Neville manages to raise at least a dozen equally insightful theories about Welles’ working method, but winds up with sources constantly contradicting one another. “It’s almost true,” Bogdanovich says at one point (he’s frequently the most eloquent interviewee but easily the most compromised, busy constructing his own legend in the process). Another calls the myth that Welles abandoned projects “bullshit,” explaining, “He wanted to finish them correctly,” which sounds like a plausible interpretation of his perfectionism.

In any case, it’s a tricksy film, taking cues (and quite a few clips) from Welles’ 1973 oddity “F for Fake” in its wily structure.

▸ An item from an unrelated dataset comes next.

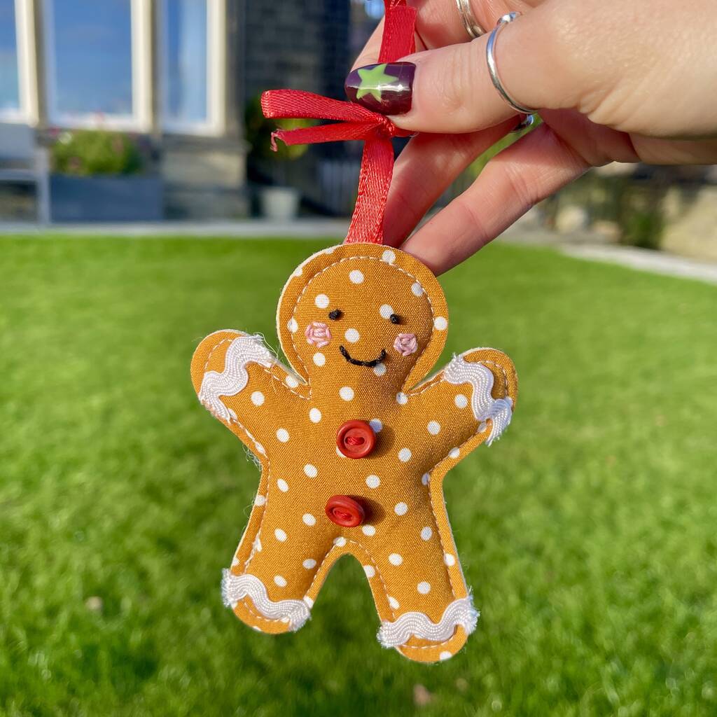 • Christmas Fabric Gingerbread Man Hanging Decoration, thumbnail 3 of 3
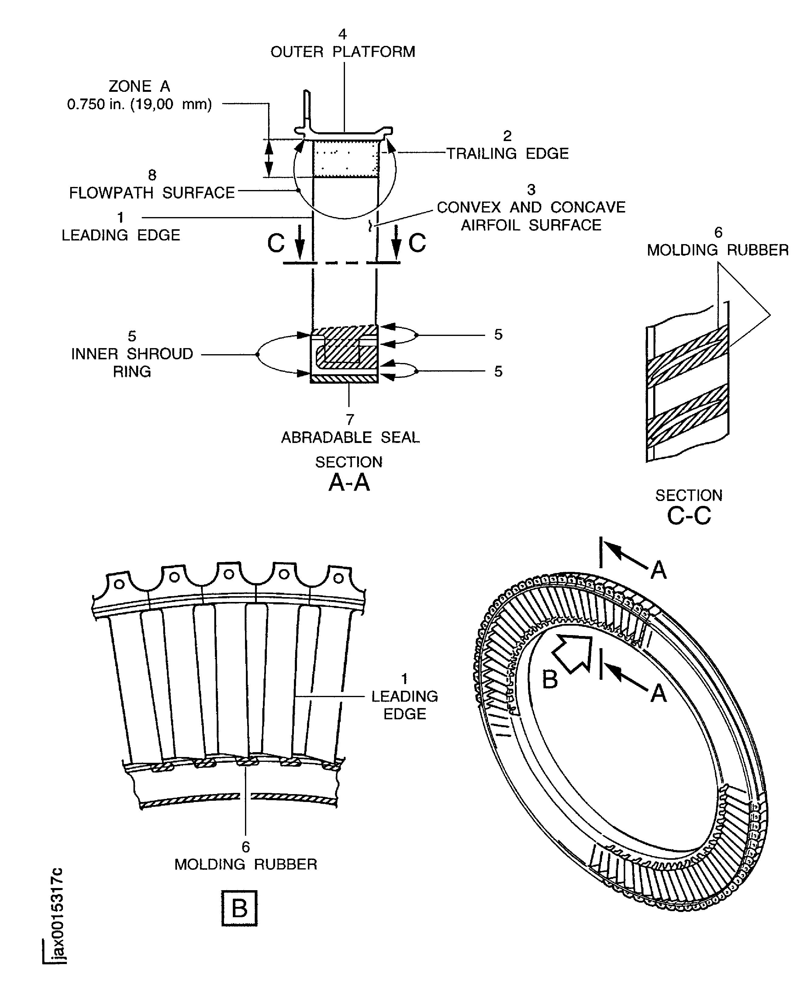 Examine the abradable seal at location 7.

As if it weren’t a daunting enough assembly as is, Neville adds a curiously anachronistic framing device, in which a waxy-looking Alan Cumming appears like the host of a vintage television program, supplying dry narration over black-and-white footage of film being threaded through a projector or spliced on a flatbed editor.

It’s a corny device compared with the wonderfully sophisticated way editors Aaron Wickenden and Jason Zeldes work with archival footage, constructing entire scenes (a phone call, a test screening) from clips of “Wind” and Welles’ other on-camera appearances, including an odd bit on “The ABC Comedy Hour” (aka “The Kopykats”), where he met impressionist Rich Little (whom he would later cast, then replace, in a key “Wind” role).

Judging by the generous amount of “Wind” included in Neville’s doc, the movie seems likely to live up to Welles’ promise that “You either hate it or loathe it,” being an unhinged and constantly evolving industry parody, à la Dennis Hopper’s “The Last Movie” (incidentally, Hopper was one of the many self-skewering participants in Welles’ experimental project). After nearly half a century, audiences can finally witness Welles’ folly. Watch this first, and then weigh Neville’s playful assertion that his meta-movie may in fact be truer to the master’s intentions. It’s a bold claim, all but unprecedented in behind-the-scenes docs: Could “They’ll Love Me When I’m Dead” be the real “The Other Side of the Wind”?